• _Requirement_: Leaving out the pictures, output each record exactly as it stands.

[Records for processing]

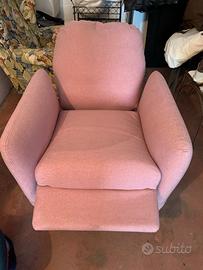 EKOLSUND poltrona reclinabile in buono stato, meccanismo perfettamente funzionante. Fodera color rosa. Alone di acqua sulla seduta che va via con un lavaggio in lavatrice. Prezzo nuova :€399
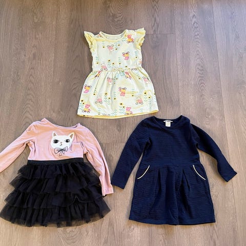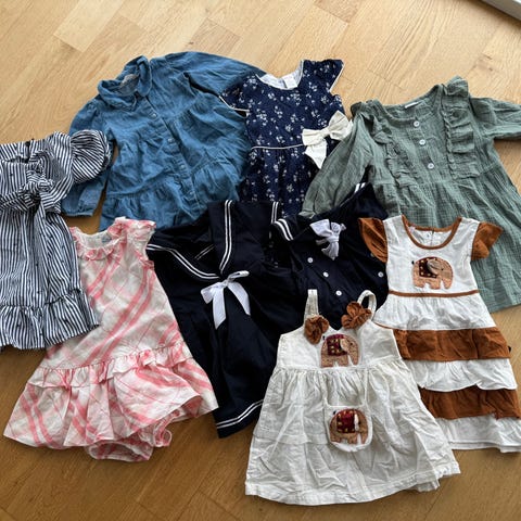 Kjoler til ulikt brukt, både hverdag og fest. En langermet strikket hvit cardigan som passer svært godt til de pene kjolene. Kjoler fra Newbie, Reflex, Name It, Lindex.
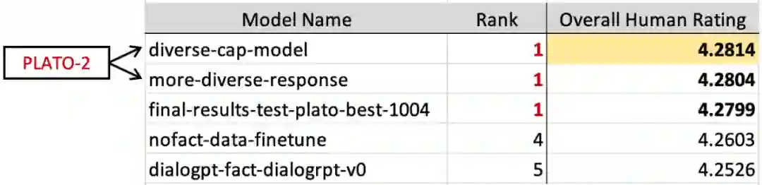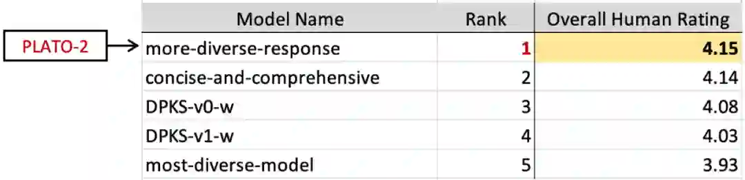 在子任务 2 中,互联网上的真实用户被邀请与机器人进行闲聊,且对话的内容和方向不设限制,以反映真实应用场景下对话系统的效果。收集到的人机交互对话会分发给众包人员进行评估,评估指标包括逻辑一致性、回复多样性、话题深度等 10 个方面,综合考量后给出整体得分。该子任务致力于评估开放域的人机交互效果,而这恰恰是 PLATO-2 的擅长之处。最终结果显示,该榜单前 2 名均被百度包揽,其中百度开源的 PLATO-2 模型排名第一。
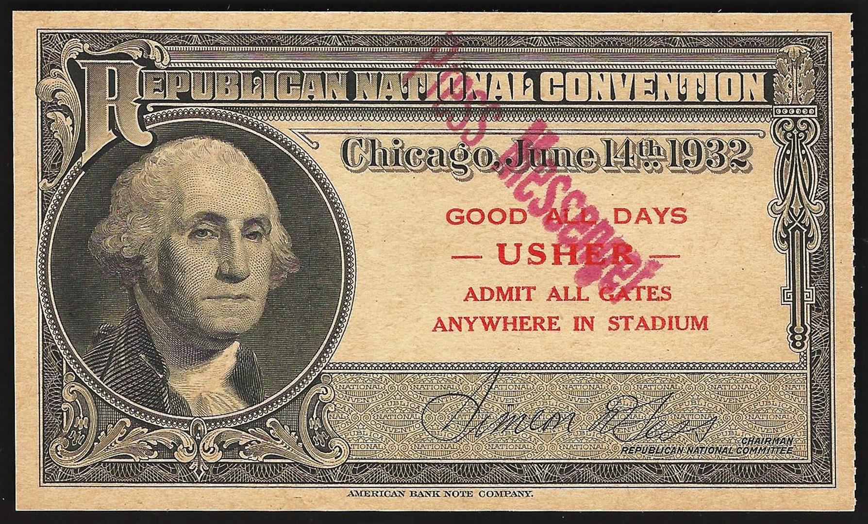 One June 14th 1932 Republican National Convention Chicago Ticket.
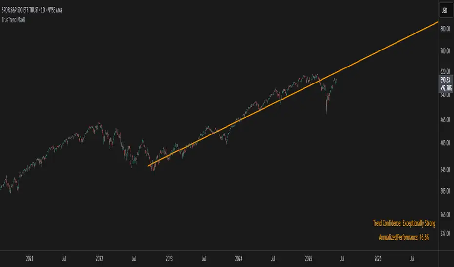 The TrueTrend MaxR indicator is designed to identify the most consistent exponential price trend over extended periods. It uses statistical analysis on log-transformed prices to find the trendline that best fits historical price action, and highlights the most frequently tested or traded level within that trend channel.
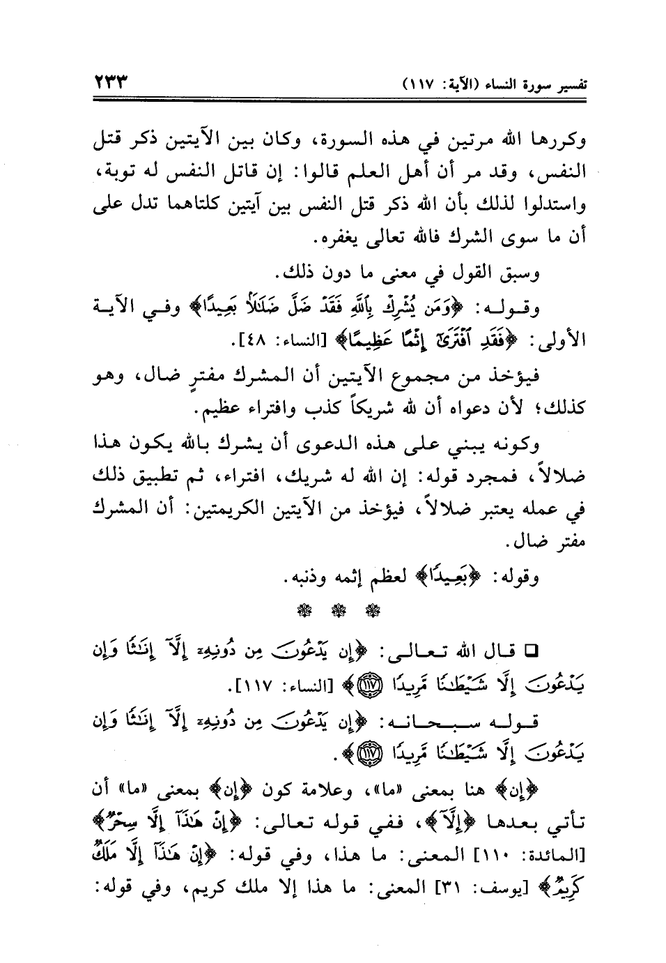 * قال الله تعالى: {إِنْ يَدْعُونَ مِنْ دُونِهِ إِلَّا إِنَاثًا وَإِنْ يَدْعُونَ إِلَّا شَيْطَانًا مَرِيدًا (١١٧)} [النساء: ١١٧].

[/Records for processing]

• _Solution to the exercise_:
 EKOLSUND poltrona reclinabile in buono stato, meccanismo perfettamente funzionante. Fodera color rosa. Alone di acqua sulla seduta che va via con un lavaggio in lavatrice. Prezzo nuova :€399
 Kjoler til ulikt brukt, både hverdag og fest. En langermet strikket hvit cardigan som passer svært godt til de pene kjolene. Kjoler fra Newbie, Reflex, Name It, Lindex.
 在子任务 2 中,互联网上的真实用户被邀请与机器人进行闲聊,且对话的内容和方向不设限制,以反映真实应用场景下对话系统的效果。收集到的人机交互对话会分发给众包人员进行评估,评估指标包括逻辑一致性、回复多样性、话题深度等 10 个方面,综合考量后给出整体得分。该子任务致力于评估开放域的人机交互效果,而这恰恰是 PLATO-2 的擅长之处。最终结果显示,该榜单前 2 名均被百度包揽,其中百度开源的 PLATO-2 模型排名第一。
 One June 14th 1932 Republican National Convention Chicago Ticket.
 The TrueTrend MaxR indicator is designed to identify the most consistent exponential price trend over extended periods. It uses statistical analysis on log-transformed prices to find the trendline that best fits historical price action, and highlights the most frequently tested or traded level within that trend channel.
 * قال الله تعالى: {إِنْ يَدْعُونَ مِنْ دُونِهِ إِلَّا إِنَاثًا وَإِنْ يَدْعُونَ إِلَّا شَيْطَانًا مَرِيدًا (١١٧)} [النساء: ١١٧].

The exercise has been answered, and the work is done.